Représenté par Me Annie SCHAF-CODOGNET de la SCP ANNIE SCHAF-CODOGNET ET FRÉDÉRIC VERRA, substituée par Me Thomas CUNY, avocats au barreau de NANCY

Avons, après avoir entendu à l'audience de cabinet du 7 Mai 2025, les avocats des parties en leurs explications, mis l'affaire en délibéré pour l'ordonnance être rendue le 4 Juin 2025 ;

Et ce jour, 4 Juin 2025, assistée de Céline PERRIN, greffier, avons rendu l'ordonnance suivante :

EXPOSE :

Par assignation du 21 novembre 2023, le syndicat de copropriété de la [Adresse 6] a saisi le tribunal judiciaire de Nancy d'une demande visant à obtenir de Monsieur [F] le paiement des charges de copropriété.

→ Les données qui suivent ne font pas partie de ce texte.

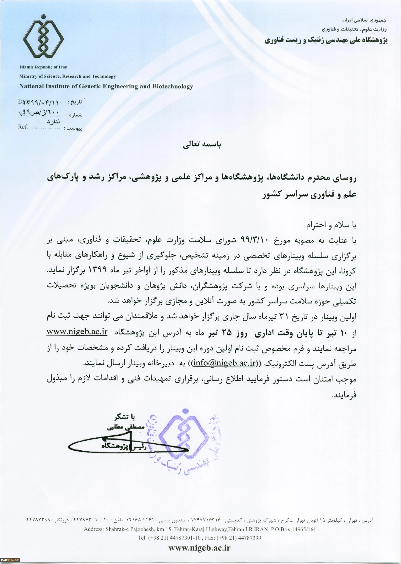 " فراخوان برگزاری وبینارهای تخصصی در زمینه تشخیص، جلوگیری از شیوع و راهکارهای مقابله با ویروس کرونا" 2

Par jugement du 7 juin 2024, la juridiction a condamné Monsieur [Z] [F] à payer au syndicat des copropriétaires de l'immeuble [Adresse 6] à [Localité 5], la somme de 1506,92 euros au titre de l'arriéré de charges arrêté au 30 juin 2016 outre les intérêts au taux légal, celle de 900 euros au titre de l'article 700 du code de procédure civile et l'a débouté du surplus de ses demandes.

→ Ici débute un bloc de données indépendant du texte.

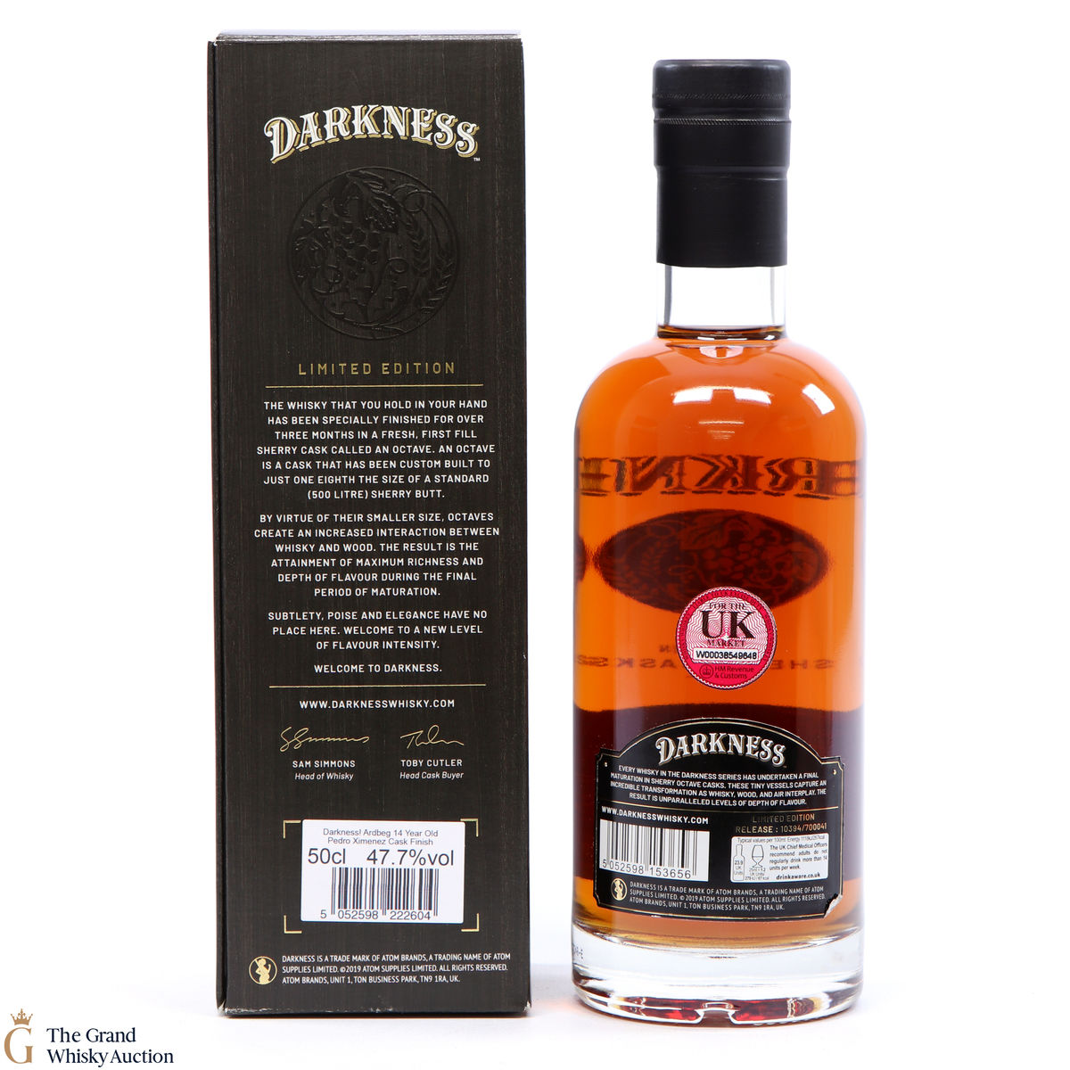 This Darkness independent release of a 14 year old Ardbeg single malt. There was a finishing period in a PX sherry octave cask! The smaller cask is said to increase interaction between the whisky and the cask.

Cette décision exécutoire de plein droit, lui a été signifiée le 29 novembre 2024.

Par déclaration communiquée par voie électronique le 23 décembre 2024, Monsieur [F] a formé appel de cette décision s'agissant de toutes les condamnations sus énoncées.

Par conclusions communiquées par voie electronique le 18 mars 2025, Monsieur [F] demande à Madame le conseiller de la mise en état de déclarer recevable son appel, d'infirmer le jugement entrepris et de constater, au visa de l'article 122 du code de procédure civile, la prescription de l'action du syndicat et en conséquence, l'irrecevabilité de la demande ;

Il réclame ainsi l'infirmation du jugement déféré ainsi que la condamnation du syndicat des copropriétaires à lui payer la somme de 1500 euros au titre de l'article 700 du code de procédure civile ainsi qu'aux dépens.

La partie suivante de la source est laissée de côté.